Craig Sanders wrote:
On Mon, Feb 13, 2006 at 02:34:32AM -0600, Peter Samuelson wrote:

Nothing in the SC or DFSG requires Debian to accept any software that
comes along and adheres to the letter of the DFSG.


the convention so far, though, has been "if it's free and someone can
be bothered packaging it, then it can go in the archive". this has been
argued numerous times, usually over packages like purity or the bible or
other non-technical documents. whenever it has come up, it has always
ended in "if it's free, it will be accepted", a result consistent with
maximal freedom.

As a hypothetical, if the software required Debian's FTP servers to
keep the source available for 10 years, unconditionally, we'd probably
refuse to ship that software on the grounds that that would be a PITA.
Likewise, I think that "FDL-licensed content may be DFSG-free, but
considering the practical problems it causes us, we'd rather not ship
any of it" is a consistent and reasonable position to take.

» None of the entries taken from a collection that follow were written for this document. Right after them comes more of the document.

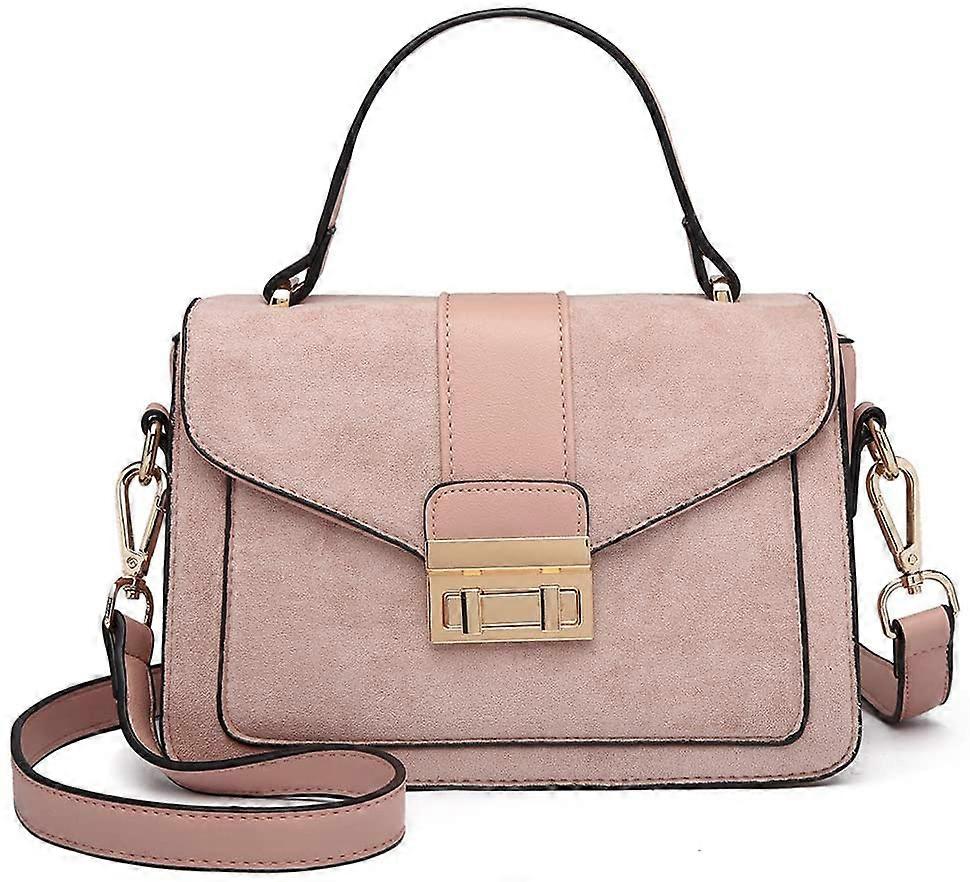 Pink Women Top Handle Bag Suede Handbags Pu Leather Shoulder Bag Elegant Modern For Work Shopping Travel Small (Black-1)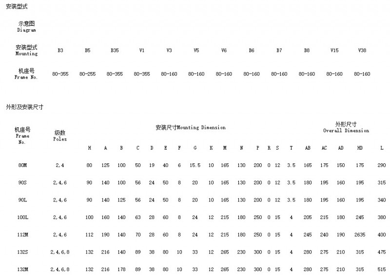 2)B5型機(jī)座無(wú)底腳,端蓋上無(wú)凸緣,無(wú)尺寸A、B、C、AB。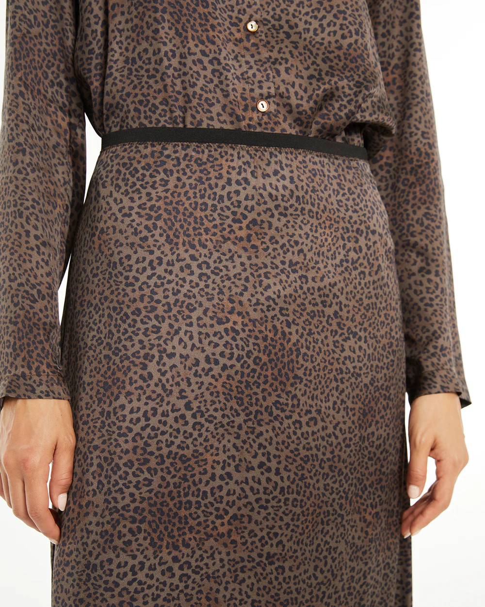 Falda animal print. Goma y cremallera en la cintura.
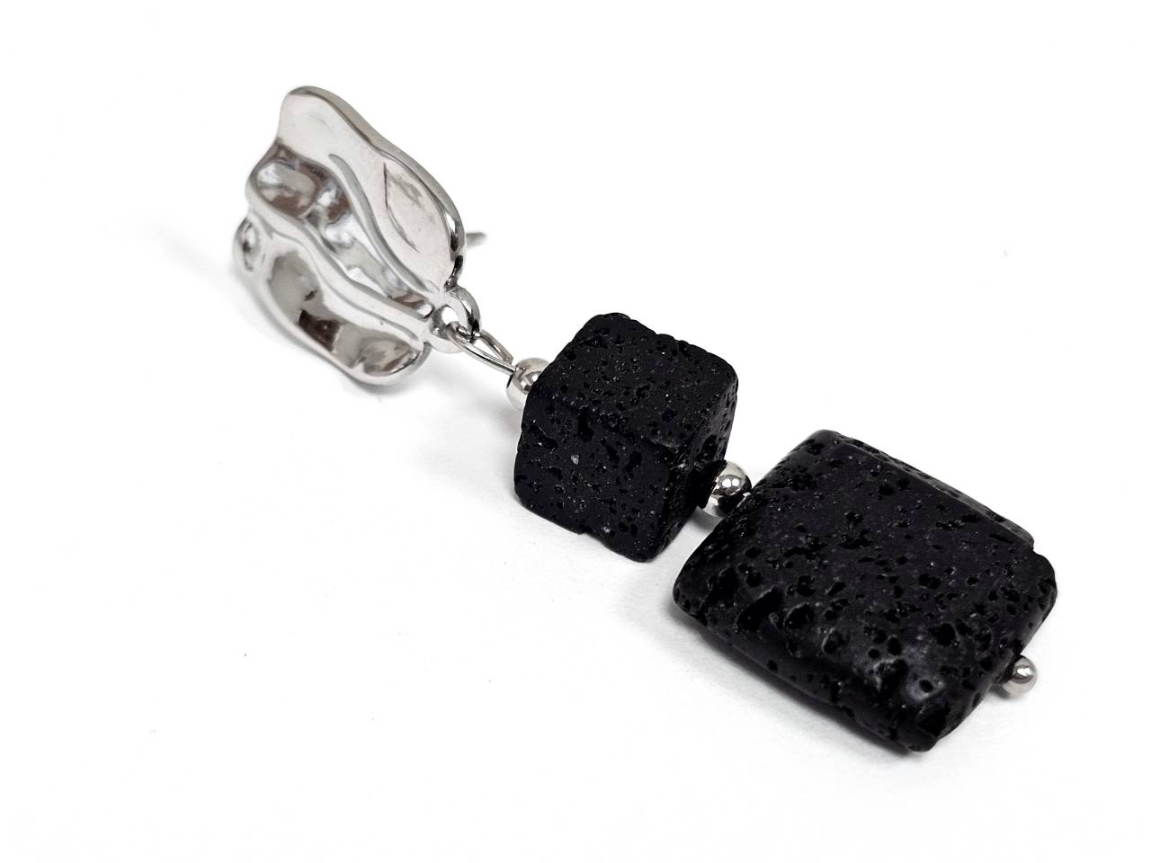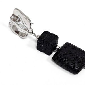 Σκουλαρίκια Πέτρα Ατσάλι 316L, με λάβα σε χρώμα Ασημί

perhaps so(*), but that is an ENTIRELY different issue to the question of
whether the GFDL is free or not.


(*) i don't have any particular problem with that line of argument.
i don't agree with or support it in any way, but at least it's not
dishonest. if debian wants to exclude stuff for convenience reasons,
then fair enough - but lying to pretend that the reason is that it's
non-free when it's really just inconvenient is inexcusable.

It is dishonnet because Debian will continue to ship GFDL documents in non-free which would cause the same pratical problems.

I agree that there are documents that are free but are not suited for Debian. I would agree to a policy that Debian will not ship such things such as books which are unrelated to computers (such as novels, etc...); not because they are unfree; just because this is not the purpose of Debian (I do not say however that would disagree to ship such things in Debian). Also a free but totally buggy and unusable software has not, IMHO, its place in Debian.

However the DFSG is there to juge if a license is free or not and these guidlines must be used to juge the freeness of a software. A lot of zealots in this list just invent way to reject licenses they don't like even if these complies with the DFSG; or invent some discriminations.